Florian Westphal Sept. 23, 2022, 10:38 a.m. UTC
Martin Zaharinov reports BUG() in mm land for 5.19.10 kernel:
 kernel BUG at mm/vmalloc.c:2437!
 invalid opcode: 0000 [#1] SMP
 CPU: 28 PID: 0 Comm: swapper/28 Tainted: G        W  O      5.19.9 #1
 [..]
 RIP: 0010:__get_vm_area_node+0x120/0x130
  __vmalloc_node_range+0x96/0x1e0
  kvmalloc_node+0x92/0xb0
  bucket_table_alloc.isra.0+0x47/0x140
  rhashtable_try_insert+0x3a4/0x440
  rhashtable_insert_slow+0x1b/0x30
 [..]

bucket_table_alloc uses kvzallocGPF_ATOMIC).  If kmalloc fails, this now
falls through to vmalloc and hits code paths that assume GFP_KERNEL.

Revert the problematic change and stay with slab allocator.
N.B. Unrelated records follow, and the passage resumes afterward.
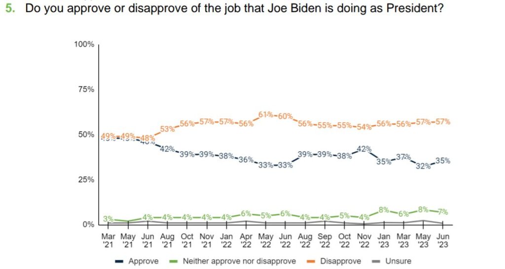 It’s a tough day to be a Biden Democrat in North Carolina. The latest poll shows Joe Biden at an abysmal 35% approval rating in North Carolina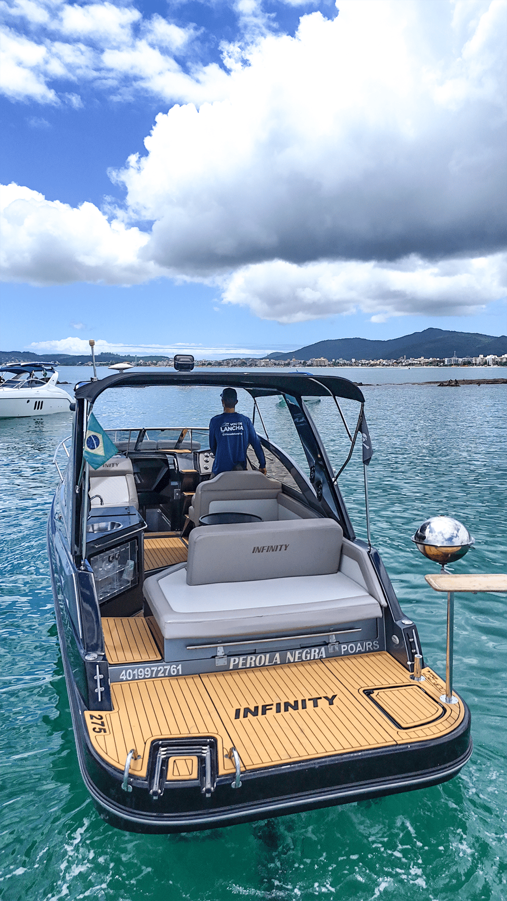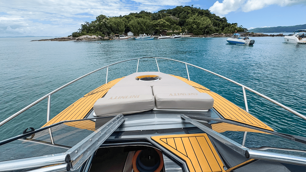 Lancha Infinity 275 de 27.5 pés para até 11 passageiros, possui cabine fechada com banheiro, plataforma de popa com churrasqueira, som bluetooh, proa solario, tapete flutuante, cooler e boias macarrão. Perfeita para um belo Passeio de Lancha em Florianópolis. Excelente opção para quem busca uma embarcação média e equipada, lancha com todos os itens de série.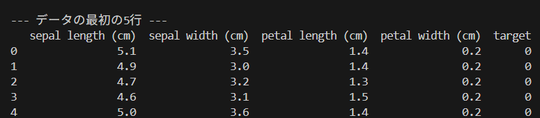 AIが4つの数値(特徴量)を見て、品種(ターゲット)を予測する学習タスクに取り組むための準備が完了です。

Reported-by: Martin Zaharinov <micron10@gmail.com>
Fixes: a421ef303008 ("mm: allow !GFP_KERNEL allocations for kvmalloc")
Cc: Michal Hocko <mhocko@suse.com>
Link: https://lore.kernel.org/netdev/09BE0B8A-3ADF-458E-B75E-931B74996355@gmail.com/T/#u

Signed-off-by: Florian Westphal <fw@strlen.de>
---
 mm/util.c | 7 +++++++
 1 file changed, 7 insertions(+)

Comments

Michal Hocko Sept. 23, 2022, 1:29 p.m. UTC | #1
On Fri 23-09-22 12:38:58, Florian Westphal wrote:
> Martin Zaharinov reports BUG() in mm land for 5.19.10 kernel:
>  kernel BUG at mm/vmalloc.c:2437!
>  invalid opcode: 0000 [#1] SMP
>  CPU: 28 PID: 0 Comm: swapper/28 Tainted: G        W  O      5.19.9 #1
>  [..]
>  RIP: 0010:__get_vm_area_node+0x120/0x130
>   __vmalloc_node_range+0x96/0x1e0
>   kvmalloc_node+0x92/0xb0
>   bucket_table_alloc.isra.0+0x47/0x140
>   rhashtable_try_insert+0x3a4/0x440
>   rhashtable_insert_slow+0x1b/0x30
>  [..]
> 
> bucket_table_alloc uses kvzallocGPF_ATOMIC).  If kmalloc fails, this now
> falls through to vmalloc and hits code paths that assume GFP_KERNEL.
> 
> Revert the problematic change and stay with slab allocator.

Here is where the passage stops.